#### EXERCISE OBJECTIVE
The entries shown here must be retyped in full, with no pictures included.

** Opening MATERIAL FOR THE TASK block **

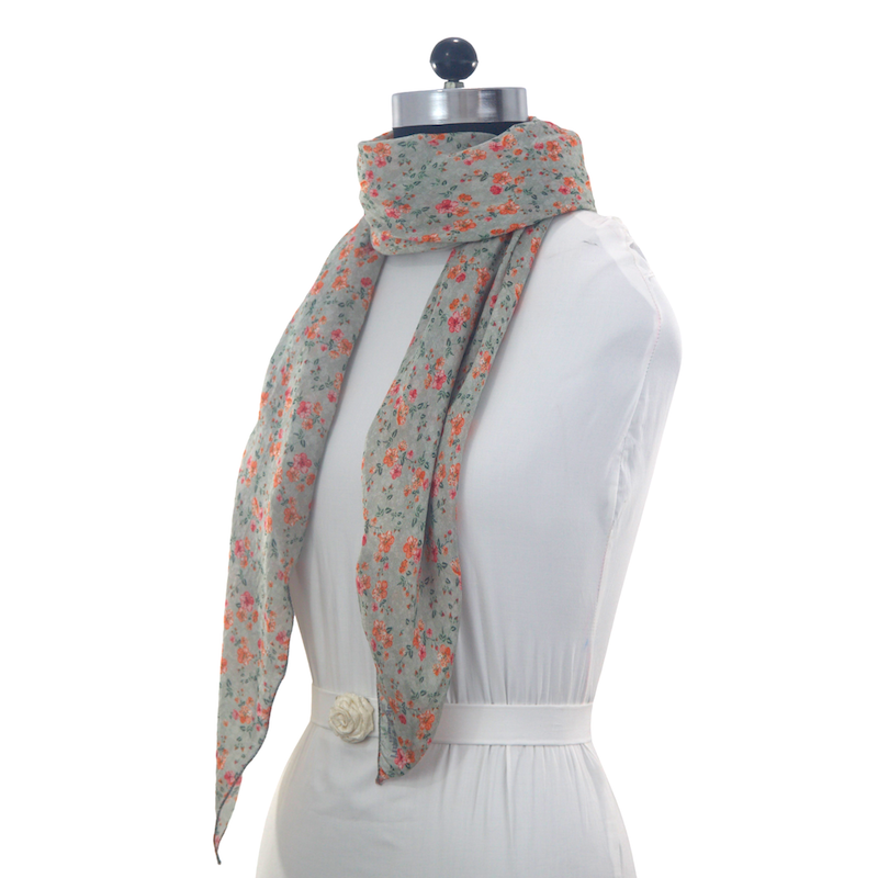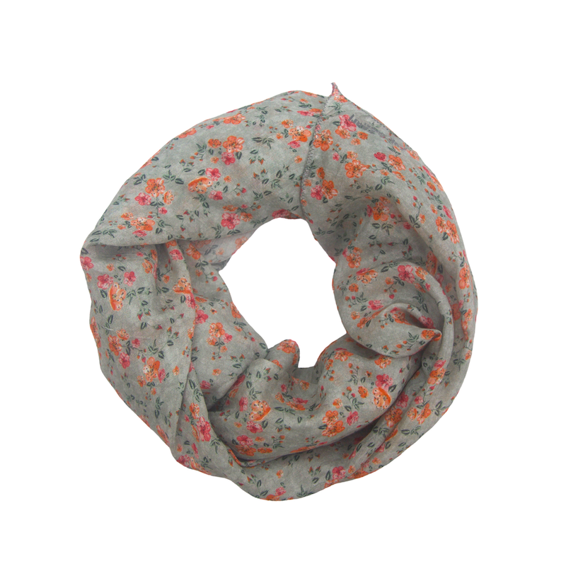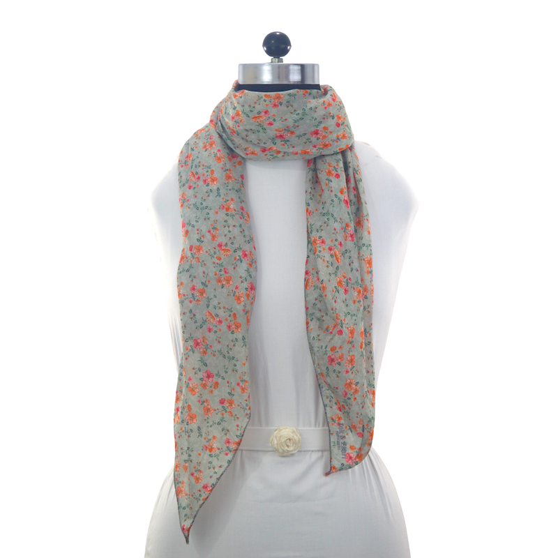 Color: Grey base mini orange and red flowers with green leaves
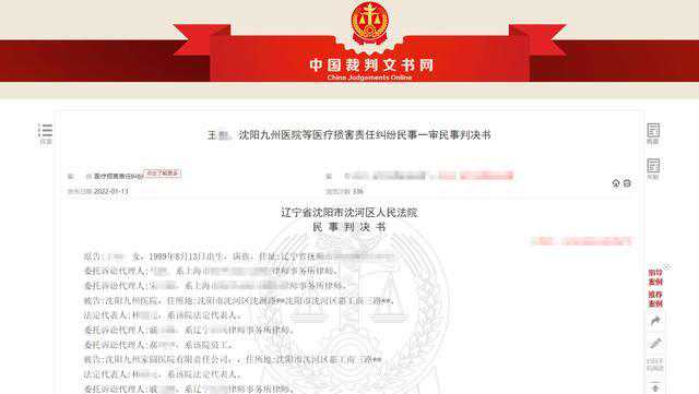 近日,潇湘晨报记者从中国裁判文书网获悉,法院认为沈阳九州医院对王某的诊治行为构成医疗事故,应赔偿王某各项损失共计三十余万元。
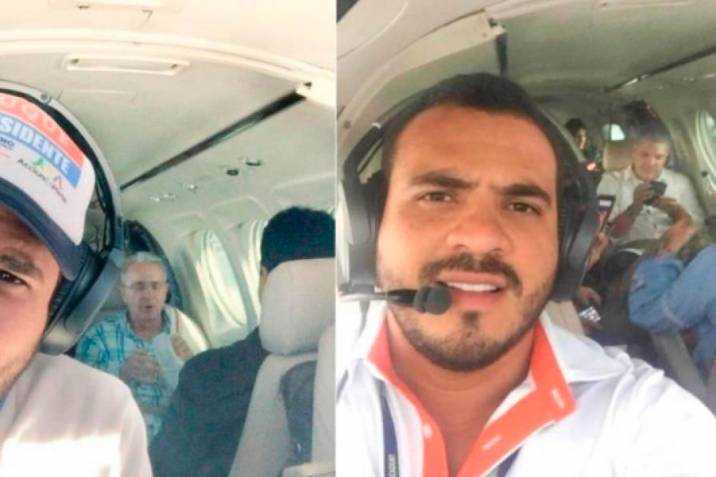 Juan Camilo Cadena Botero, aviador que transportaba media tonelada de cocaína capturada en Providencia, fue piloto de Álvaro Uribe en un vuelo a Puerto Lleras, Meta, en 2018, junto con Nohora Stella Tovar, exsenadora del Centro Democrático y candidata en 2019 a la gobernación del Meta. Foto tomada por Hernán Gómez Niño (izquierda), hermano del piloto de cartel de Sinaloa que transportó en esa misma campaña a Uribe y a Iván Duque.
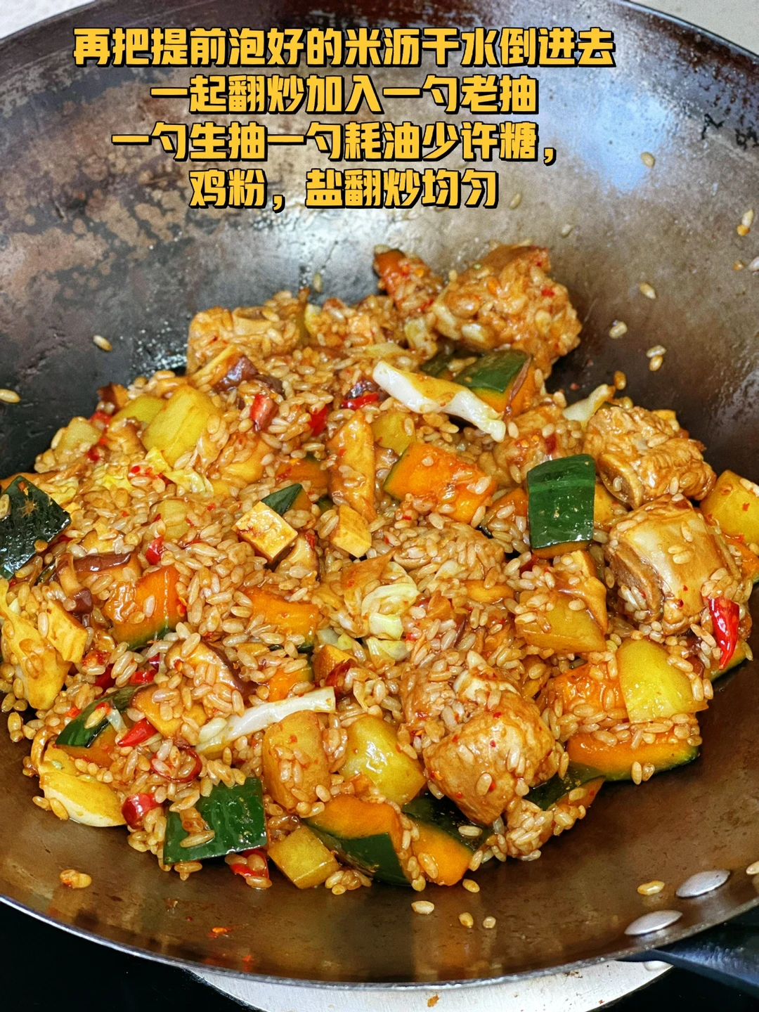 7. 再把提前泡好的米沥干水倒进去一起翻炒加入一勺老抽一勺生抽一勺耗油少许糖,鸡粉,盐翻炒均匀
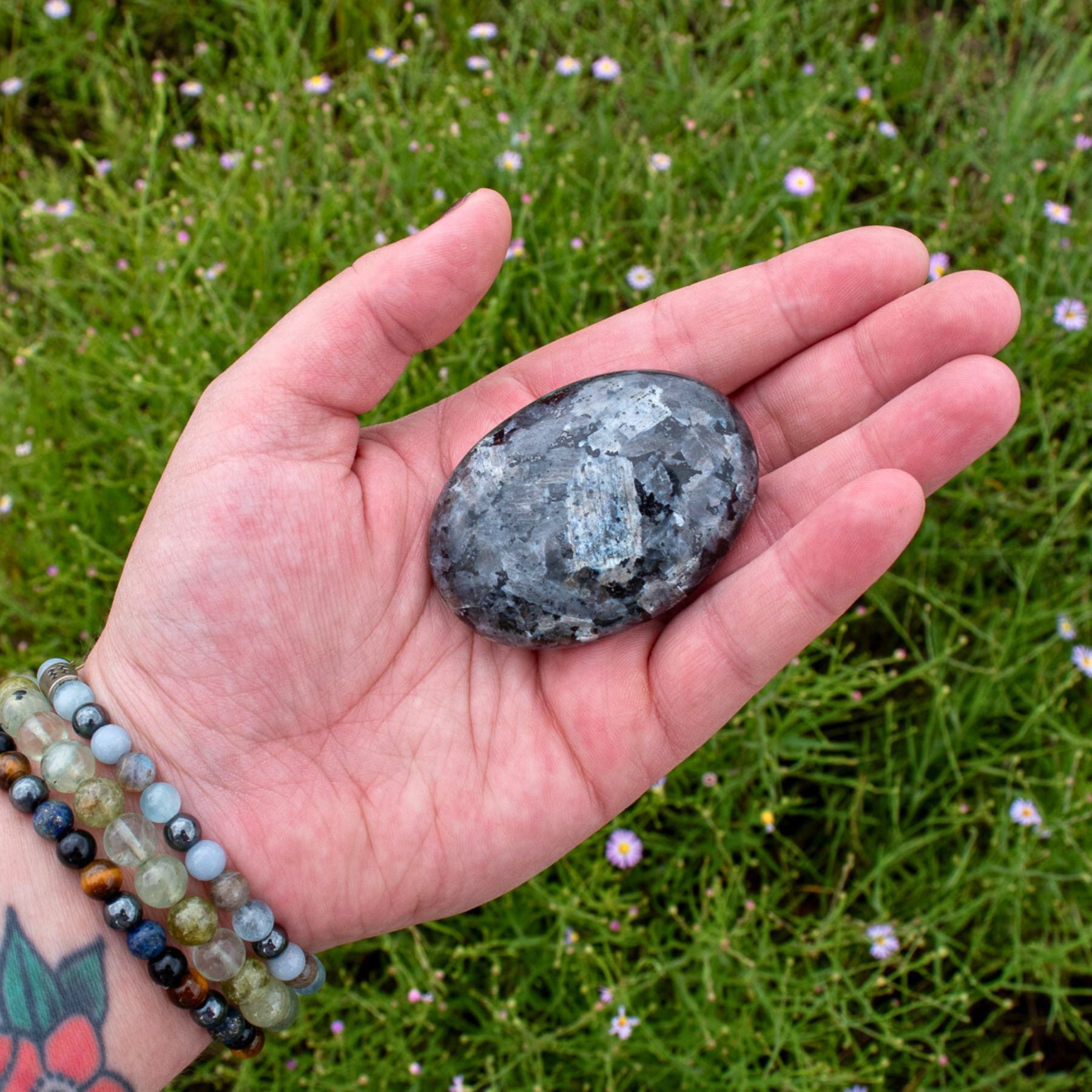 Grounding yet subtly mystical, Larvikite is a stone of inner strength and psychic clarity. Use this palm stone to dispel negative energy, sharpen your mind, and open to higher guidance, all while staying rooted and focused.

** Closing MATERIAL FOR THE TASK block **

#### RESULT OF THIS EXERCISE
 Color: Grey base mini orange and red flowers with green leaves
 近日,潇湘晨报记者从中国裁判文书网获悉,法院认为沈阳九州医院对王某的诊治行为构成医疗事故,应赔偿王某各项损失共计三十余万元。
 Juan Camilo Cadena Botero, aviador que transportaba media tonelada de cocaína capturada en Providencia, fue piloto de Álvaro Uribe en un vuelo a Puerto Lleras, Meta, en 2018, junto con Nohora Stella Tovar, exsenadora del Centro Democrático y candidata en 2019 a la gobernación del Meta. Foto tomada por Hernán Gómez Niño (izquierda), hermano del piloto de cartel de Sinaloa que transportó en esa misma campaña a Uribe y a Iván Duque.
 7. 再把提前泡好的米沥干水倒进去一起翻炒加入一勺老抽一勺生抽一勺耗油少许糖,鸡粉,盐翻炒均匀
 Grounding yet subtly mystical, Larvikite is a stone of inner strength and psychic clarity. Use this palm stone to dispel negative energy, sharpen your mind, and open to higher guidance, all while staying rooted and focused.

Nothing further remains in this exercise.